Pada siang itu matahari bersinar terik, Alex beserta keluarganya sedang berbahagia. Kelahiran Anak ketiganya terbilang lancar dan normal. Dengan mengendarai roda empat, Alex mengangkat barang-barang miliknya serta memasukkannya ke dalam mobil.
“Alex, apa semua barang sudah Kamu angkat Nak?” Dengan suara lemah, Bu Aminah yang juga sekaligus mertua dari Alex bertanya kepadanya. Alex hanya mengangkat kedua alisnya, memberikan isyarat yang tidak dipahami oleh Bu Aminah.
“Sudah Bu! Sekarang Kita pulang ya sayang.” Kata Alex sembari merangkul dan membantu Istrinya masuk ke dalam mobil. Sesaat Alex mengabaikan mertuanya, tetapi Bu Aminah memaklumi sikap dari menantunya itu.
Mobil itu menyusuri jalan tol yang panjang dari kota Jakarta ke kota Bandung. Alex berencana untuk membawa Istri dan Anak-anaknya beserta mertuanya ke kampung halaman.
“Sayang Kita mau kemana?” Tanya Istri Alex yang bernama Nindi. Nindi bertanya dengan nafas yang belum stabil. Kemudian Bu Aminah memberikan sebotol air mineral agar diminum oleh Nindi. Tidak perlu pikir panjang, Nindi pun langsung meneguk air minum itu hingga bersisa setengah botol lagi.
“Kita mau jemput Anak-anak dulu sayang. Setelah itu Kita ke Bandung ke rumah mendiang orang tuaku. Kita tinggalkan Jakarta, disana ada sawah warisan dari Bapakku yang bisa ku garap nanti.”

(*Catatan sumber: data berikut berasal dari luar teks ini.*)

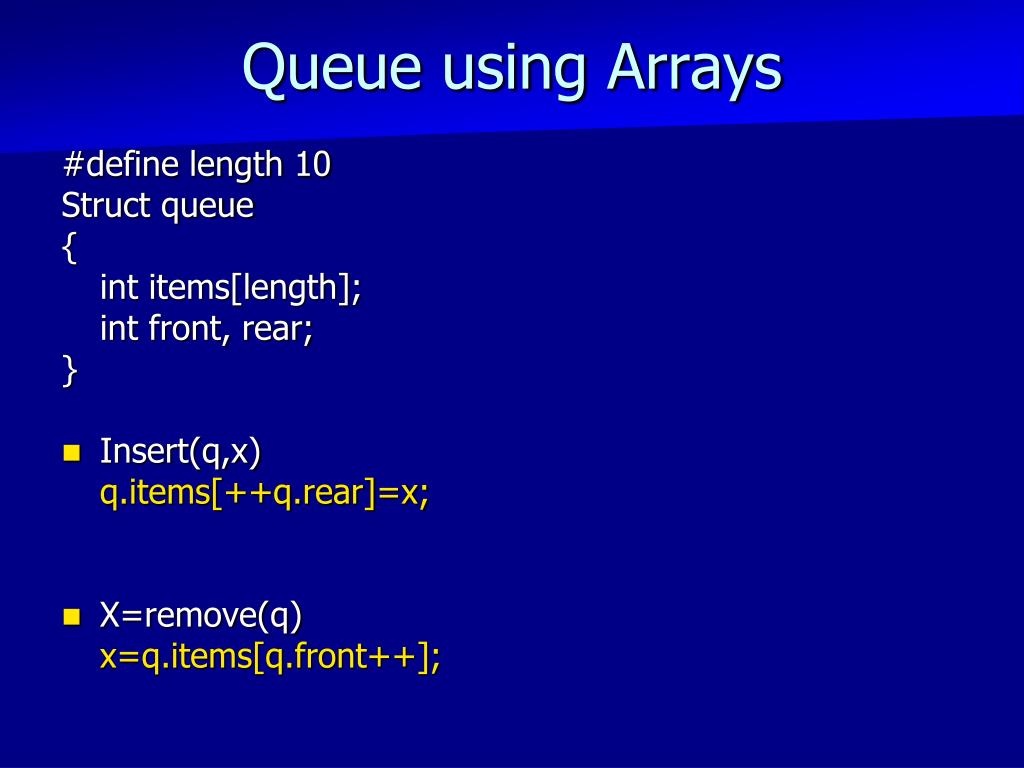 Queue using Arrays #define length 10 Struct queue { int items[length]; int front, rear; } • Insert(q,x) q.items[++q.rear]=x; • X=remove(q) x=q.items[q.front++];

Nindi dan Ibu Aminah hanya bisa terdiam mendengar kalimat dari Alex. Bisa apa lagi, sejak Nindi melahirkan Anak pertamanya, Alex lah yang menjadi tulang punggung dan membiayai seluruh anggota keluarganya. Suami dari Nindi itu mulai melarang Nindi untuk bekerja lagi.
Alex menyuruh Istrinya untuk fokus mengurus Anak saja di rumah. Nindi pun menuruti Suaminya dikarenakan Bu Aminah yang mulai sakit-sakitan. Mau tidak mau, Nindi harus mengurus Anak-anaknya beserta Ibunya. Karena jika tidak, tidak akan ada yang bisa membantunya untuk menjaga Anak-anaknya. Maka dari itu Nindi memutuskan untuk menurut dan tidak bekerja, bukan karena tidak mampu bekerja melainkan kondisinya yang harus dijalani.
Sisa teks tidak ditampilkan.